### ASSIGNMENT
Please reproduce the entries below exactly, starting at the first line and ending with the line that holds "3 пары носков".

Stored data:
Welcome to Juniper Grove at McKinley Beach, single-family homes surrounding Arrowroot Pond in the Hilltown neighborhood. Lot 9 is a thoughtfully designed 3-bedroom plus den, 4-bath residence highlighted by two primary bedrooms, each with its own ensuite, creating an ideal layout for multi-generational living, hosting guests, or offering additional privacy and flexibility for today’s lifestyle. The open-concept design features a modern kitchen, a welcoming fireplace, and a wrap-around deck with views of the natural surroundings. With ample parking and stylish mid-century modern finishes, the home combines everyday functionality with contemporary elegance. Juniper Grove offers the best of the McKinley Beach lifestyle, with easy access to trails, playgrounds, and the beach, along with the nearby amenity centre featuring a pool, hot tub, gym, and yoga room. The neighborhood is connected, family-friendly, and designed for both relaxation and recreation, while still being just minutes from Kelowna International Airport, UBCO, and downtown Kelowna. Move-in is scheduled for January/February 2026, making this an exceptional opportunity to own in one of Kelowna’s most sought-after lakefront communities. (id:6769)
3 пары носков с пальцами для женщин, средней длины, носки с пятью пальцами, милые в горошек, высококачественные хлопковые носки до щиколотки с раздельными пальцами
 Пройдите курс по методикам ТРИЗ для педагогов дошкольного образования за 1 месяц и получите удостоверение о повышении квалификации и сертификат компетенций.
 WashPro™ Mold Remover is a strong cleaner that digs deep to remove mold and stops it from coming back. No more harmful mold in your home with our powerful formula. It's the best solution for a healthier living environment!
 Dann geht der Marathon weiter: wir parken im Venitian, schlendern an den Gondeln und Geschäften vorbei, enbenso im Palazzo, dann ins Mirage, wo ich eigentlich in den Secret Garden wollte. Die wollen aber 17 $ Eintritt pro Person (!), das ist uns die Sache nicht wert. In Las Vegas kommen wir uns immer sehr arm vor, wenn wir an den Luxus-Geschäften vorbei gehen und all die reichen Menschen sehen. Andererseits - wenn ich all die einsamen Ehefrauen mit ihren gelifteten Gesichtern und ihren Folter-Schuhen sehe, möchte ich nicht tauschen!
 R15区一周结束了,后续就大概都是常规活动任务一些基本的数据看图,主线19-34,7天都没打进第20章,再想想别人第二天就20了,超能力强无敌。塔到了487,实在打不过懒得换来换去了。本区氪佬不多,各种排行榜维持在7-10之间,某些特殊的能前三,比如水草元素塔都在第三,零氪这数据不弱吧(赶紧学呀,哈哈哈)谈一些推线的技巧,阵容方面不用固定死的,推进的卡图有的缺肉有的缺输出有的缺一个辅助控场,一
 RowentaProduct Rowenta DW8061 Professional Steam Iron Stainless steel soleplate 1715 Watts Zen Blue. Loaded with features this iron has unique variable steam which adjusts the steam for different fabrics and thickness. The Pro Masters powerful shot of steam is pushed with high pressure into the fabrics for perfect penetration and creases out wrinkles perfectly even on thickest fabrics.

### YOUR RESPONSE
Welcome to Juniper Grove at McKinley Beach, single-family homes surrounding Arrowroot Pond in the Hilltown neighborhood. Lot 9 is a thoughtfully designed 3-bedroom plus den, 4-bath residence highlighted by two primary bedrooms, each with its own ensuite, creating an ideal layout for multi-generational living, hosting guests, or offering additional privacy and flexibility for today’s lifestyle. The open-concept design features a modern kitchen, a welcoming fireplace, and a wrap-around deck with views of the natural surroundings. With ample parking and stylish mid-century modern finishes, the home combines everyday functionality with contemporary elegance. Juniper Grove offers the best of the McKinley Beach lifestyle, with easy access to trails, playgrounds, and the beach, along with the nearby amenity centre featuring a pool, hot tub, gym, and yoga room. The neighborhood is connected, family-friendly, and designed for both relaxation and recreation, while still being just minutes from Kelowna International Airport, UBCO, and downtown Kelowna. Move-in is scheduled for January/February 2026, making this an exceptional opportunity to own in one of Kelowna’s most sought-after lakefront communities. (id:6769)
3 пары носков с пальцами для женщин, средней длины, носки с пятью пальцами, милые в горошек, высококачественные хлопковые носки до щиколотки с раздельными пальцами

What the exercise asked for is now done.